====== Recorded information ======
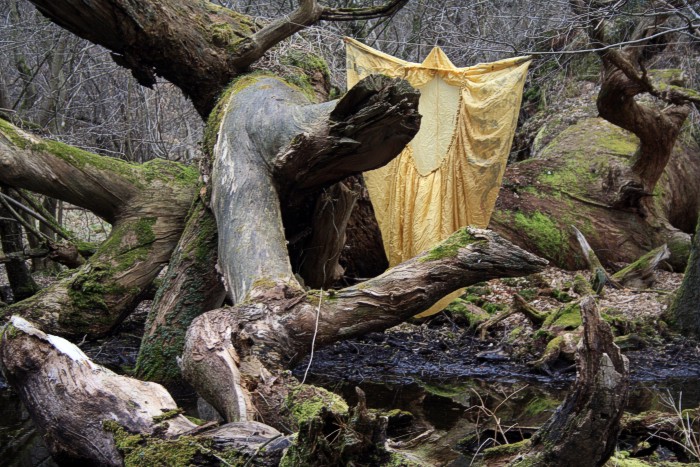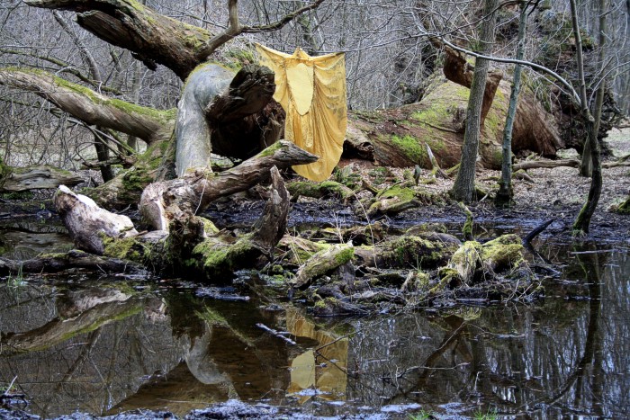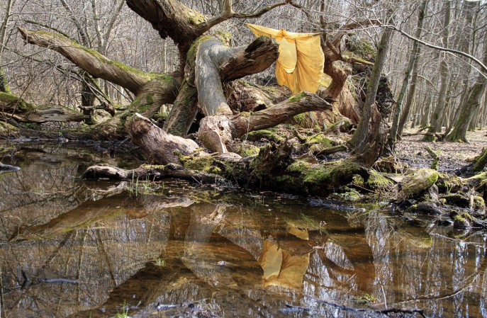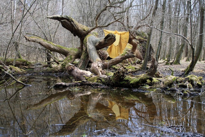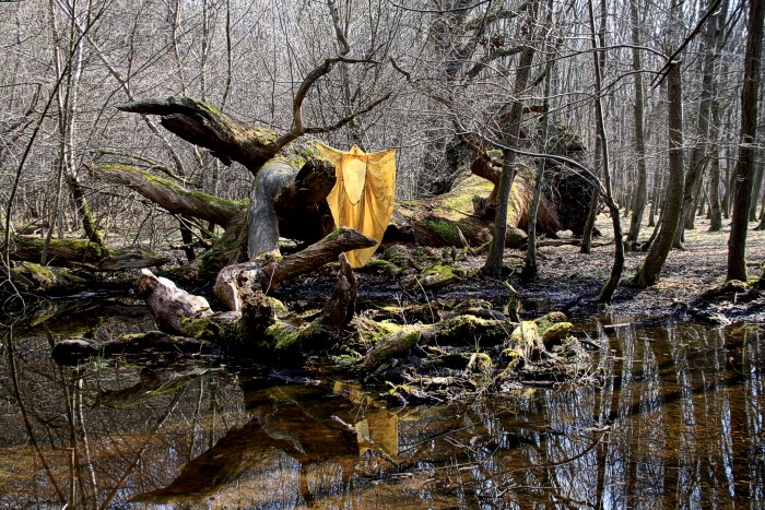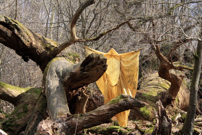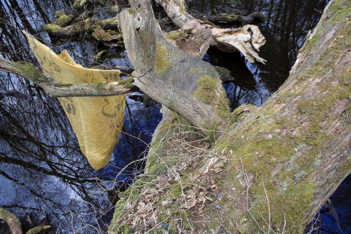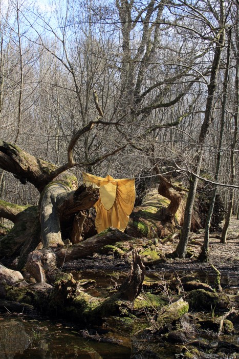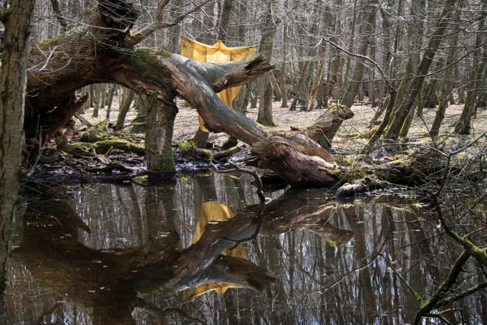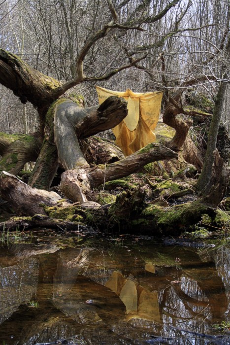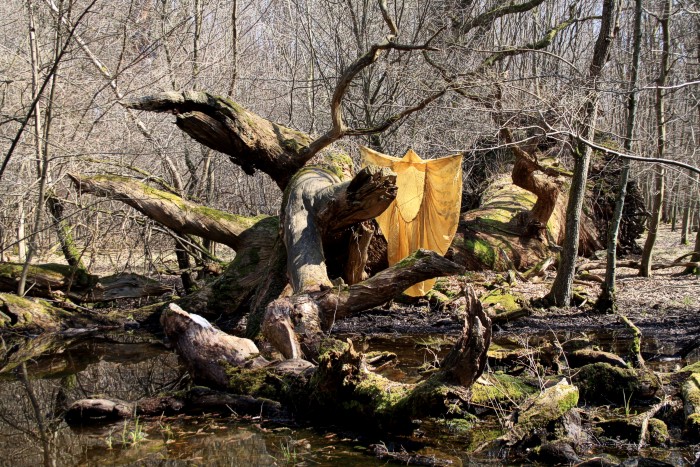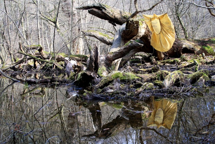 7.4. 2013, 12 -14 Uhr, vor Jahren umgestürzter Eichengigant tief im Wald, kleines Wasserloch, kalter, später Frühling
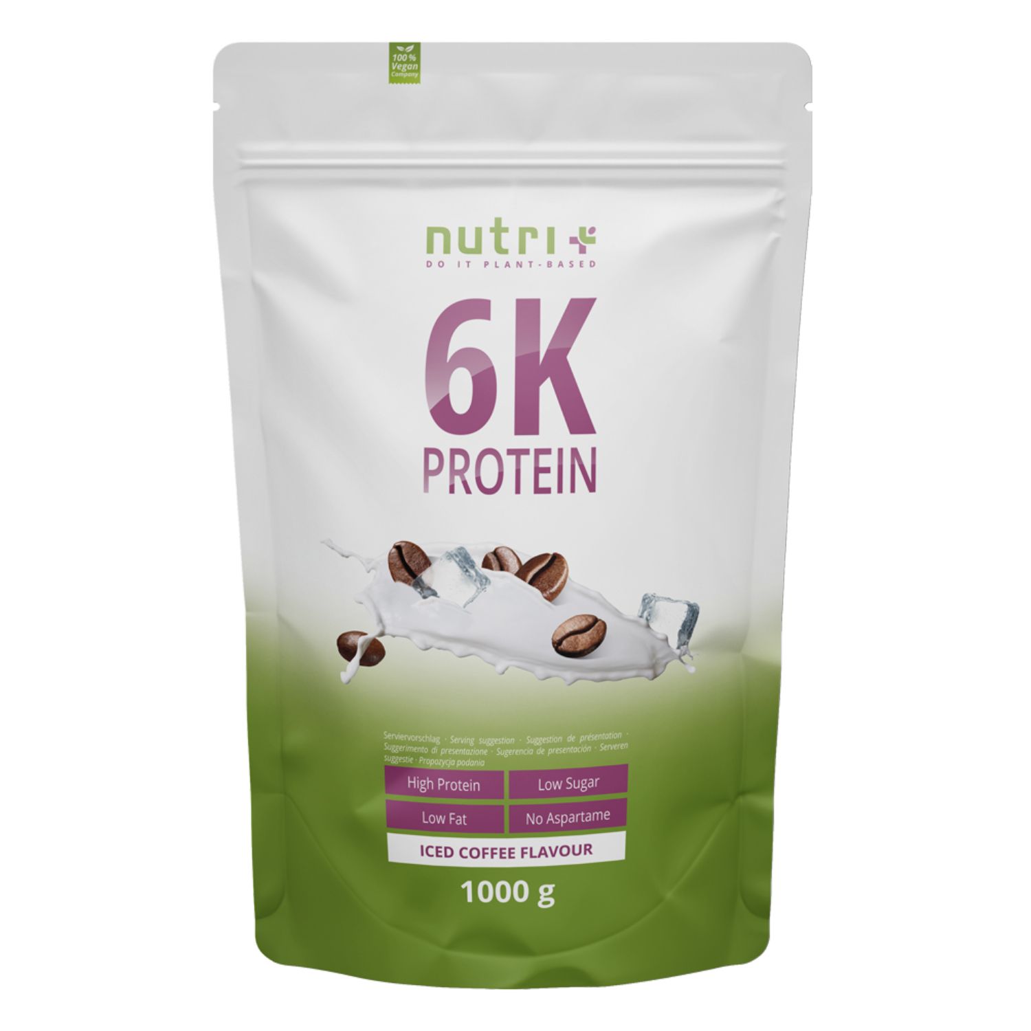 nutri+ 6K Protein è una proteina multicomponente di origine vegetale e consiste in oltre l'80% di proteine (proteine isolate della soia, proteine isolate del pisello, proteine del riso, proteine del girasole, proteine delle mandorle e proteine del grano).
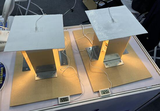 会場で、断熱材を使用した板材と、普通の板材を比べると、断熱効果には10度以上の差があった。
======
*Instructions to follow*: Take the listing above and retype it exactly. Its pictures are to be omitted.

*Your response*:
 7.4. 2013, 12 -14 Uhr, vor Jahren umgestürzter Eichengigant tief im Wald, kleines Wasserloch, kalter, später Frühling
 nutri+ 6K Protein è una proteina multicomponente di origine vegetale e consiste in oltre l'80% di proteine (proteine isolate della soia, proteine isolate del pisello, proteine del riso, proteine del girasole, proteine delle mandorle e proteine del grano).
 会場で、断熱材を使用した板材と、普通の板材を比べると、断熱効果には10度以上の差があった。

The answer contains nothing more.